Creating Quality Hyperdocs

Matt Miller (@jmattmiller) of Ditch that Textbook writes “a quality hyperdoc or hyper slide should: Share the day’s lesson and objectives, provide links to content, activities, and assessments, differentiate using those resources that provide students a choice over process and content, provide a common place where students can turn in work, and look good and seem well-themed” (2019).

I have been creating and using hyper docs (or playlists) with my students for a few years now and I love that they allow me to organize a unit or lesson in a clear fashion, front load student work so students can work at their own pace and even choose their own learning adventure. During remote learning, I have been using hyper docs weekly to give my students easy access to lesson material and interactive reading and writing experiences. On April 27th I blogged about the first week of a WW2  hyperdoc I created  and want to share how this reading inquiry has evolved in the past four weeks.

Each of the hyper docs has the same theme and format to indicate the unit. I added a screencast link to each hyperdoc to provide an overview of each element on the doc with specific directions students can access by clicking the “play button.” I have differentiated the unit allowing students to select their WW2 book, fiction and nonfiction choices.  As I reflect on this unit, I will add more differentiated options by product as well as content.

For Week One I wanted to build student’s background knowledge about WW2 and the Holocaust. I began with an anticipation guide on a Google Form and daily readings from Actively Learn. At the end of the week, students completed Hexagonal Thinking Maps (borrowed from John Meehan’s book EDredaline Rush, 2020) to make connections and show their understanding. Here are some examples of the completed work.

 

For Week Two, student began reading their independent reading books and I created a Podcast on Anchor for students to access a Read Aloud of Refugee by Alan Gratz in 30 minute blocks. My special education co-teacher has also been reading aloud and recording The Boys Who Challenged Hitler and posting on Google Classroom. Additionally, this hyperdoc provided two virtual field trips for students to explore Yad Vashem, the Holocaust Museum in Israel and the United States Holocaust Memorial and Museum in Washington, DC through Google Arts and Culture.  Students wrote reflections on Padlet and Google Forms.

During Week Three, students viewed an online production ofThe Diary of Anne Frank: A special presentation created by artists in isolation produced by The Park Square Theater in Minnesota, available online until May 24th, 2020.  Park Square was set to open its 21st production of The Diary of Anne Frank to over 12,000 middle and high school students when shelter in place orders took effect. When it became clear that there was no way to assemble to record the staged version, the cast began rehearsing and recording a Zoom reading of the play.

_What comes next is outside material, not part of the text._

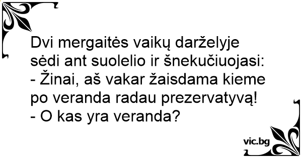 - Žinai, aš vakar žaisdama kieme po veranda radau prezervatyvą!

It was released on April 21, Yom Hashoah, Holocaust Remembrance Day.

These virtual experiences have been vital to help understand this time period and see, hear, and experience the rich artifacts from history. Students also took a virtual tour to Anne Frank’s Secret Annex in Amsterdam and created their own concrete found poem based on the themes emerging in their independent reading books. Students responded in a Flipgrid the lessons learned from Anne Frank as we continue to self isolate.

Anne Frank Flipgrid Response

This week, as well finish up our WW2 independent reading books, students are looking and author’s craft and drawing larger text to world connections. I created a flipped lesson on Authors Craft and Style. I want students to look deep within the surface of their text. Proficient readers are continuously drawing connections between the text and the world, and I have students reading an article about the rise of Hate Groups in the US today to compare to the rise of hate and anti-semitism prior and during WW2. Next week, students are working on a One pager about their WW2 independent reading book. There are no tests or quizzes, only opportunities for students to share their learning and understanding.

When designing hyper docs I keep the following in mind:

  1. Engage: Hook your students, get them engaged, and activate prior knowledge.
  2. Explore: Resources, such as videos, virtual field trips or articles for students to explore more information.
  3. Explain: Simplify and clarify the learning objective for students. By creating a screencasts my intentions are to provide explicit directions students can return to at any time throughout the week for clarification.
  4. Apply: Students create artifacts to demonstrate learning through Google Forms, Padlet, Google Drawings, and Flipgrid.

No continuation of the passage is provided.